Let’s play a game with a single, ordinary die. The goal is to get each of the numbers 1 through 6, in any order, in exactly six rolls. If you lose – you roll a number you previously rolled – then you give me \$1. If you win, by rolling all six numbers, then I give you \$10.

I’m trying to determine what the prize for winning should be. Would you play for \$10? For \$100? I think I have determined the probability of winning to be about 1.54%, which would suggest a prize of about \$65 if the game is to be a fair game.

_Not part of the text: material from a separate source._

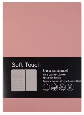 Книги для записей А6+ 80л. Иск.кожа интеграл.(SOFT TOUCH). Бум. оф.70г/м2,тон.,комб. блок (в лин., точку, без лин.),скруг.угл.,цв.форз.,цв.
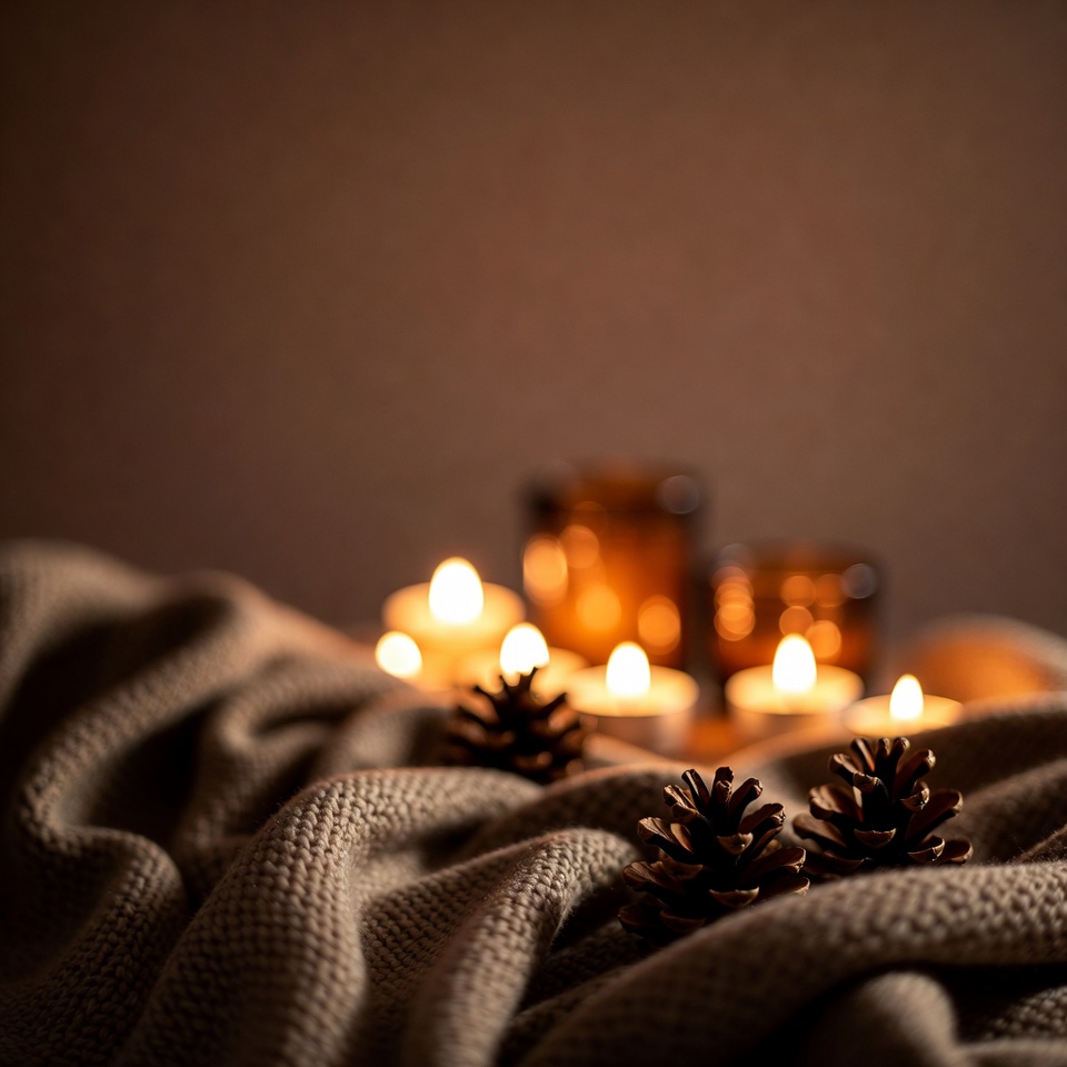 Christmas, Thanksgiving, ambiance, autumn, blurred background, bokeh, brown tones, candles, cozy, festive, glass holders, glowing flames, holiday decor, home decor, knitted blanket, natural light, relaxation, rustic, seasonal, soft fabric, still life, tea lights, textured blanket, warm lighting, winter, wooden elements, pine cones

I am expecting this to be wrong, but this is how I determined the determined the probability of winning. On the first roll, you cannot lose; any result will allow you to roll again. On the second roll, there is a $\frac{1}{6}$ probability of losing by rolling what was previously rolled. This suggests the second roll has a $\frac{5}{6}$ probability of success (allowing you to roll again). Likewise, the third roll has a $\frac{2}{6}$ probability of rolling a duplicate, so the third roll has a $\frac{2}{3}$ probability of winning. Following this logic through, the probability of winning is $\frac{5}{6} \cdot \frac{2}{3} \cdot \frac{1}{2} \cdot \frac{1}{3} \cdot \frac{1}{6} = \frac{10}{648} = \frac{5}{324} \approx 0.0154 = 1.54\%$. Does that seem right to you?


Yes, that is the right answer and your argument is valid. Here is another way of thinking about the problem.

How many 'winning' outcomes are there? To win, we need the numbers $1, 2, \ldots, 6$ in some order, so there are $6!$ winning outcomes.

How many outcomes are there? Each roll has $6$ outcomes, and all the rolls are independent, so there are $6^6$ possible outcomes.

Hence the answer is $\frac{6!}{6^6} = \frac{5}{324}$.

It's worth noting that if you don't reduce your fractions, your calculation becomes $\frac{5}{6} \times \frac{4}{6} \times \cdots \times \frac{1}{6}$ and then it is clear that the answers are the same.